The “Uber Files” are not the Uber exposé you are looking for
By Hubert Horan and Izabella Kaminska
What the gilet jaunes protests in France could not achieve, a recently published exposé about ride-hailing unicorn Uber is apparently on the verge of doing: getting French President Emmanuel Macron to resign.
According to French media opposition leaders, incensed by revelations that Macron had backed and facilitated the rollout of the Silicon Valley darling in its heyday period from 2014 to 2016, are now calling for the president’s resignation.

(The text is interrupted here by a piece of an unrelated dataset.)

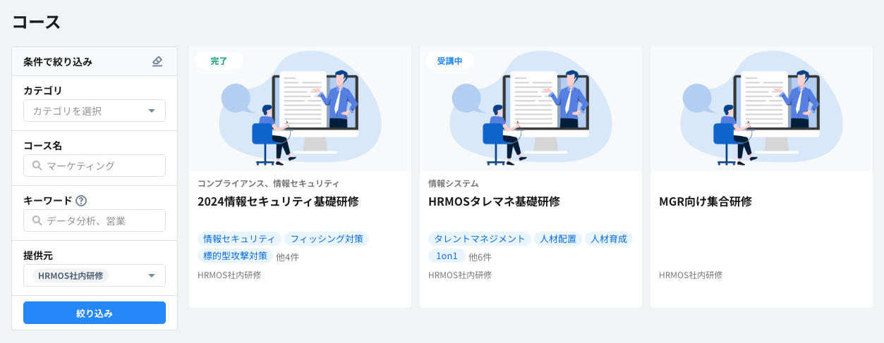 社員は、HRMOS ラーニングに連携されている社内外の学習コースの一覧を確認できます。

And yet, the big mystery at the heart of the whole story is why should “revelations” that have been known for years reemerge in such dramatic form today? Even more inexplicable is how an investigation of this scale could miss the actual story at the heart of the Uber phenomenon: the fact that Uber’s business model was patently suspect from the very beginning and should never have received the massive support from capital markets and the political and media establishment that it did.
Let’s take a closer look at the details of the story but also at the media framing of the whole thing.
On Monday, July 11, The Guardian published a series of articles based on “The Uber Files”, a trove of over 100,000 emails, memos, and other internal Uber documents from between 2013 and 2017 that had been provided to the Guardian by Mark MacGann, one of Uber’s top European lobbyists.
The lead headline framed the story thusly: “Uber broke laws, duped police and secretly lobbied governments, leak reveals”. The story aimed to demonstrate that Uber knew it was breaking laws.
Soon after, another story on the same day introduced the leaker: “The Uber whistleblower: I’m exposing a system that sold people a lie.” In this story, MacGann admits that the claims he fed to politicians about benefits for drivers and cities had never been true and says he came forward to ‘right some fundamental wrongs’.
Subsequent stories provided additional background on the Uber PR/lobbying programme MacGann had supported, including the crucial role played by David Plouffe, Barack Obama’s former chief of staff. Also, how Uber had paid prestigious academics to produce findings that would support their PR narratives and how Uber PRs misled drivers about their potential earnings and worked to disrupt driver protests.
The missing links
In some regards, The Guardian series represents a noteworthy breakthrough. Despite the significant media attention that Uber has courted throughout the years, this is the first time any mainstream media outlet has bothered to step back and attempt a “big picture” review of the gig economy giant.
Everything in the Guardian series is factually accurate and offers readers – especially those not following the saga closely – a good overview of Uber history.
But readers looking for a “big picture” evaluation of Uber will quickly realise that The Guardian series has failed to address a number of critical questions. These include:
- Can some of Uber’s bad behaviour be partially justified by the positive contributions it made to the productivity of the urban car service industry and overall economic welfare?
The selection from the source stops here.